# Problem details
Write out the records below from the first line through the line containing "Bobcat S175 Skid", leaving out any pictures.

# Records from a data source
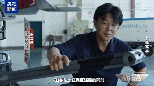 沈阳飞机设计研究所 赵志刚:我们可以看到这个结构其实不是特别大,跟我的胳膊差不多粗。材料选择上,我们选择了高强度的钢去实现这个能力。结构上,在保证强度的同时,这些槽也是为了减轻飞机的重量。
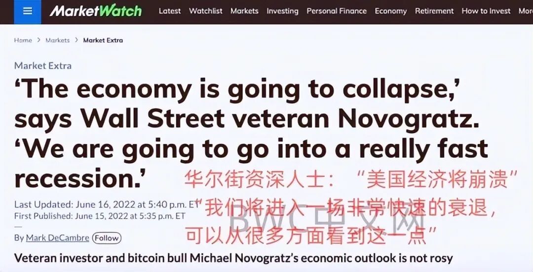 资深华尔街投资人迈克尔·诺沃格拉茨(Michael Novogratz)在6月17日对美媒MarketWatch表示,“美国经济将开始崩溃,进入一场非常快速的衰退,可以从很多方面看到这一点”。
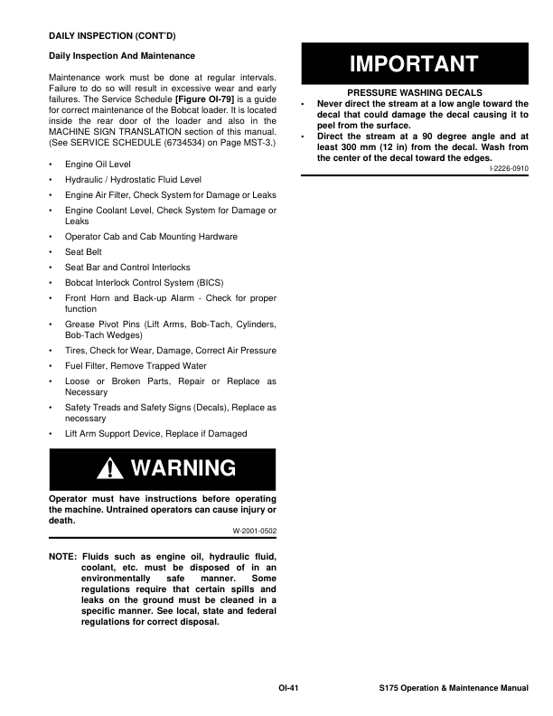 Bobcat S175 Skid Steer Loader Operation and Maintenance Manual A3L5
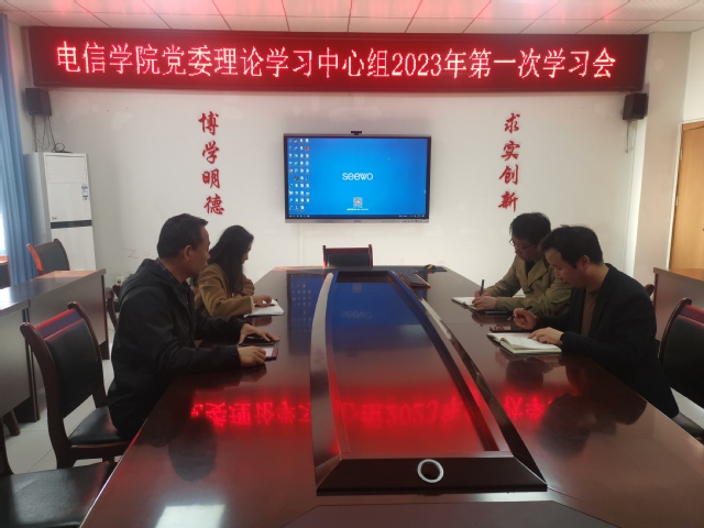 3月14日上午,电信学院党委理论学习中心组在格物楼1314会议室召开第1次集体学习会,专题学习习近平总书记在中共中央政治局第二次集体学习时的重要讲话精神和重庆市委六届二次全会精神。党委书记张敏主持会议并领学相关内容。班子成员、党委委员参加会议。
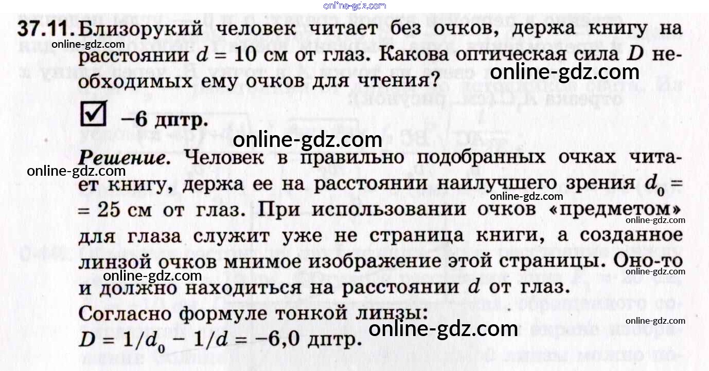 Готовые домашние задания по Физике за 10, 11 класс Задачник Гельфгат, Генденштейн Профильный уровень 2021 - 37. Геометрическая оптика 37.11
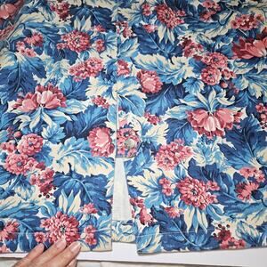 Embrace a bold vintage aesthetic with this stunning MDM Designs floral maxi skirt. Made in the USA from 100% cotton, this piece features a vibrant all-over print of blue and pink flowers on a cream background. The classic straight cut includes practical side pockets and a back slit for ease of movement. Perfect for achieving a cottagecore, grannycore, or unique maximalist look. 80's 90's era
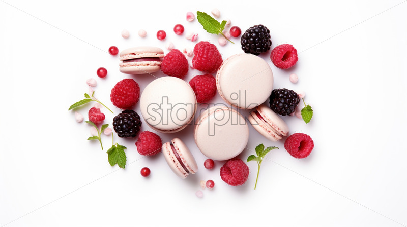 Pink macarons with forest fruit cream
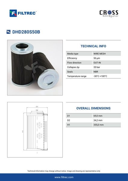 Genuine Filtrec DHD280S50B. This Filtrec element is designed to meet or exceed the quality and performance of brand OEM’s ensuring superior filtration performance and long-lasting durability.
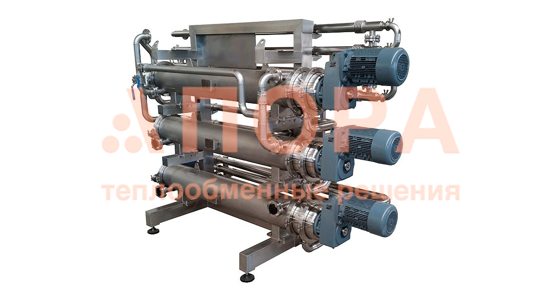 Скребковый теплообменник R-Серии ,разработан на основе кожухотрубного теплообменника и дополнен вращающимися скребками, расположенными в каждой внутренней трубке. Данные теплообменники применяются для обработки продуктов с высокой вязкостью и одновременно очищают стенки труб по которым течет продукт.

# Solution for this exercise
 沈阳飞机设计研究所 赵志刚:我们可以看到这个结构其实不是特别大,跟我的胳膊差不多粗。材料选择上,我们选择了高强度的钢去实现这个能力。结构上,在保证强度的同时,这些槽也是为了减轻飞机的重量。
 资深华尔街投资人迈克尔·诺沃格拉茨(Michael Novogratz)在6月17日对美媒MarketWatch表示,“美国经济将开始崩溃,进入一场非常快速的衰退,可以从很多方面看到这一点”。
 Bobcat S175 Skid Steer Loader Operation and Maintenance Manual A3L5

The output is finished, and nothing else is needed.